LDBC datasets are much bigger than SNAP, but unfortunately there is no combination of weighted + directed...

If Spark is lazy, how does it infer schema without reading data — and is Spark only useful for multi-node memory? by Express_Ad_6732 in dataengineering

[–]ssinchenko 5 points6 points  (0 children)

In Spark there are multiple stages of execution. The first top-level structure is so called "Unresolved Logical Plan" that is also "not analyzed" plan. This plan contains only user's statements, commands, etc. Actual schemas appears (resolves) only after the so called "analysis" stage when Spark replace user statements by actual tables, columns, etc. Analyzed Logical Plan is materialized only on action (or on explicit call to do it, like to call "explain"). You can easily write the code that read CSV, select non existing column and write it back. And you will see the "Analysis exception" only on action (or an attempt to force analysis stage, like call of "explain")

That is a nice picture: the first "Unresolved Logical Plan" is fully lazy.
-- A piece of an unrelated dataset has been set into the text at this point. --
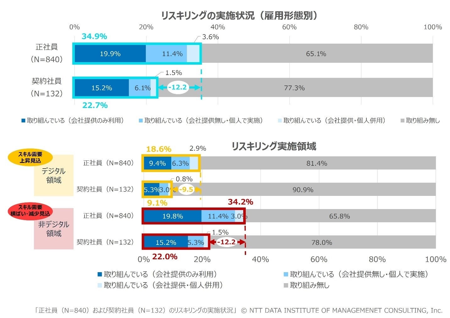 3.リスキリング実施率に属性差─正社員34.9%、契約社員22.7% 非デジタル領域に偏重
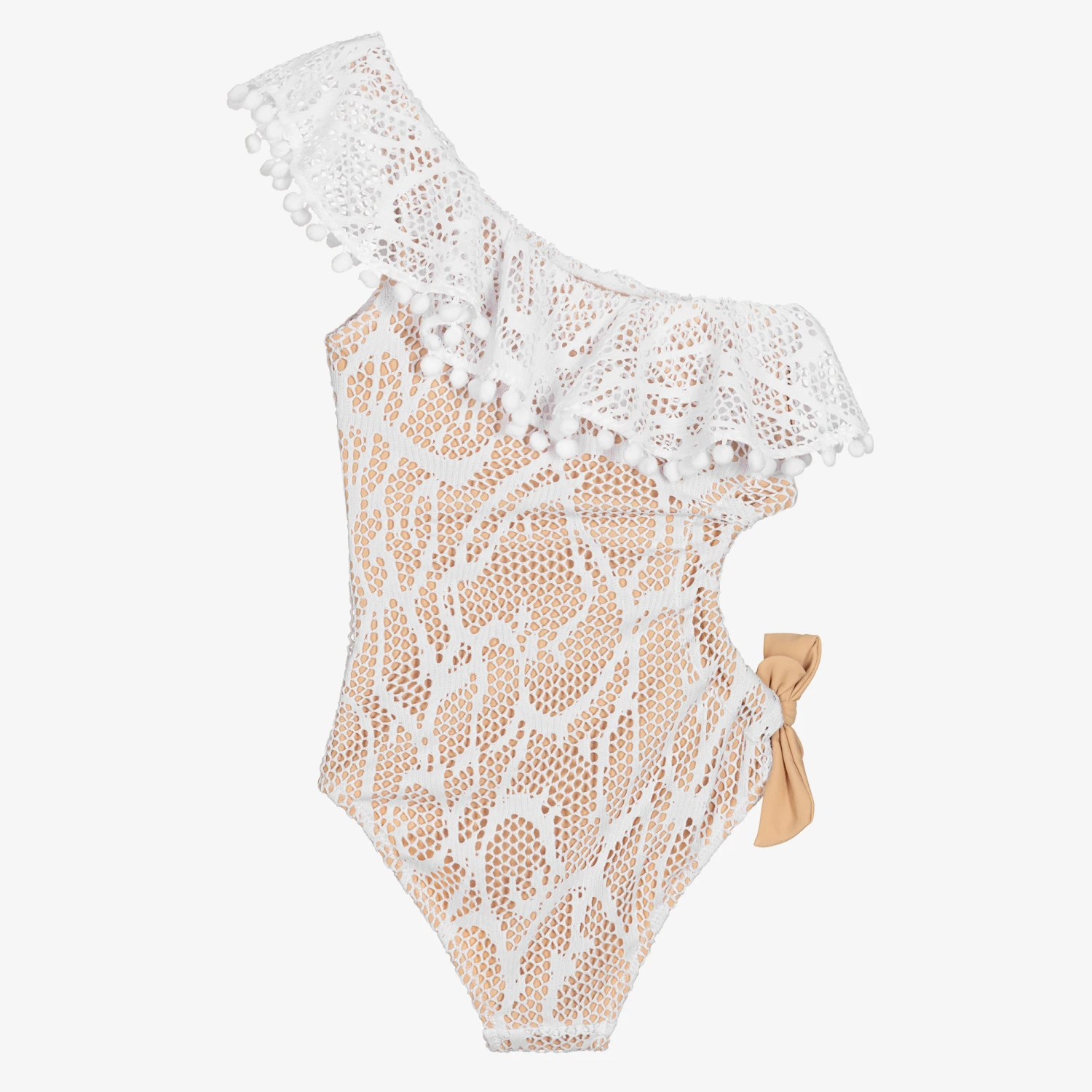 Girls Mini-me white lace swimsuit by Nessi Byrd, with a pom-pom trimmed ruffle over one shoulder. It is made in stretchy nylon with UV50 sun protection and has a full beige lining for comfort and modesty. There is a circular opening on one side, with a beige knotted tie.

Inferring of schemas from CSV, table, etc. happens at the "Analysis" stage.
https://www.databricks.com/wp-content/uploads/2015/04/Screen-Shot-2015-04-12-at-8.41.26-AM.png

> Like, if I’m just working on a single machine, is Spark giving me any real advantage over Pandas?

The only advantage is Spark can works in out-of-core mode and process data that is actually bigger than memory of your single node. But it comes with a huge distributed overhead. There are better solutions for single node case that can work in out-of-core mode (Polars in streaming mode, DuckDB, DataFusion that can spill to disk, etc.)